Airbnb Reduces Second Quarter Loss to $ 68 Million, COVID Cloud Forecast Says
Airbnb said Thursday it reduced its second-quarter loss to $ 68 million and gave bullish revenue forecasts, but the company warned that new COVID-19 variants would make future bookings and cancellations more difficult to predict.
Airbnb said vaccinations, containment of COVID-19 variants and restrictions on global travel will affect bookings for the rest of the year.
“We don’t yet know how willing people will be to travel in the fall versus the summer,” the company told shareholders.
Shares of the San Francisco-based home-sharing company fell nearly 5% amid the extended trade.
Airbnb’s business has picked up with the resumption of travel which, at least to the United States, began earlier this year as Americans began to be vaccinated against the coronavirus. Many vacationers have sought to avoid crowds and avoid hotels, creating an advantage for Airbnb and its rival Vrbo.

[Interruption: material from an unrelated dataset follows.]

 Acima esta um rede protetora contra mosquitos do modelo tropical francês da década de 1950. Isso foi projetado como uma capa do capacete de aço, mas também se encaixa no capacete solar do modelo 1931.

Roommates are less dependent than hotels on business travelers, who have taken much longer to get back on the road.
However, like airlines, house rental companies face new uncertainty due to the recent increase in COVID-19 infections. Last week, Expedia Inc., owner of Vrbo, reported that travel and cancellation rates fell in July and travel prospects remain uncertain.

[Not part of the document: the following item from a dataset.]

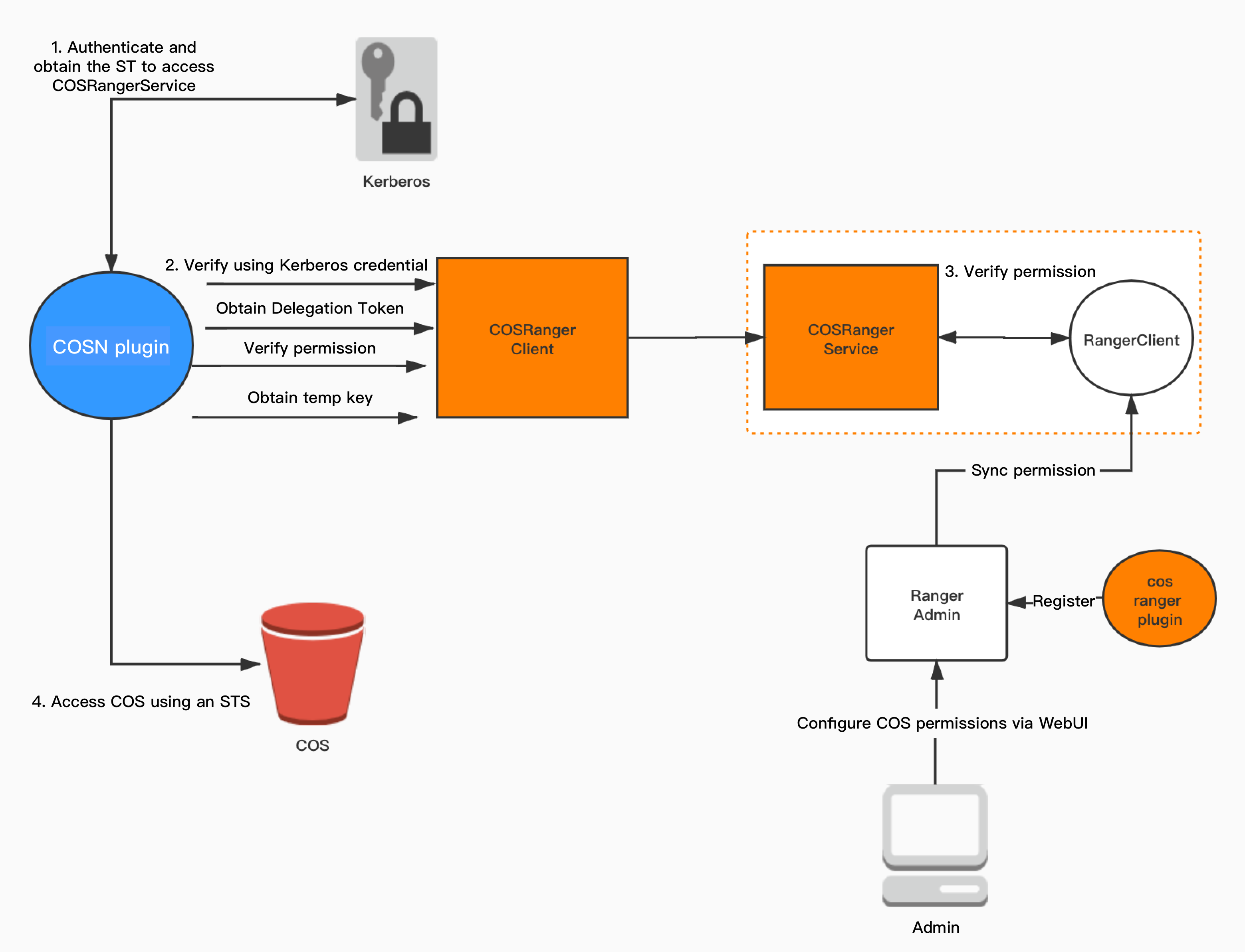 3. COS Ranger Client: COSN 플러그 인을 동적으로 로딩하여 권한 인증 요청을 COS Ranger Service에 전달합니다.

Despite the precarious state of the pandemic, Airbnb expects to post record third quarter revenue, “well above” the 2019 peak of $ 1.65 billion. This is based on a sharp increase in unearned fees, or revenue that – based on bookings – the company expects to receive after customers check in.

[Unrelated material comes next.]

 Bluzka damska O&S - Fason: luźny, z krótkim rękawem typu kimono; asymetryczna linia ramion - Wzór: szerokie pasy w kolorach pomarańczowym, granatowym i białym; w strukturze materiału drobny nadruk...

The company spends a lot to recruit new hosts. CEO Brian Chesky said he was tweaking his product to attract people who are increasingly flexible about when and where to travel and who combine work and play for long trips.
Airbnb has said stays of at least 28 days are its fastest growing category.
“Flexibility is now an integral part of travel,” Chesky said on a call with analysts. “We’re going to continue to see more and more long-term stays, and I think this will help us smooth out our seasonality over the next few years. “
In the second quarter, Airbnb’s loss compared to same-quarter losses of $ 576 million last year and $ 297 million in 2019. This is a loss of 11 cents per share, lower than the loss of 36 cents per share predicted by analysts in a FactSet survey.
Revenue increased 10% from 2019, to $ 1.34 billion, beating analysts’ forecast of $ 1.26 billion.
The average daily rate for an Airbnb rental is up 41% from a year ago, to $ 161, which the company says partly reflects a higher percentage of bookings made in North America. He said price increases from hosts in high-demand destinations also increased the average price.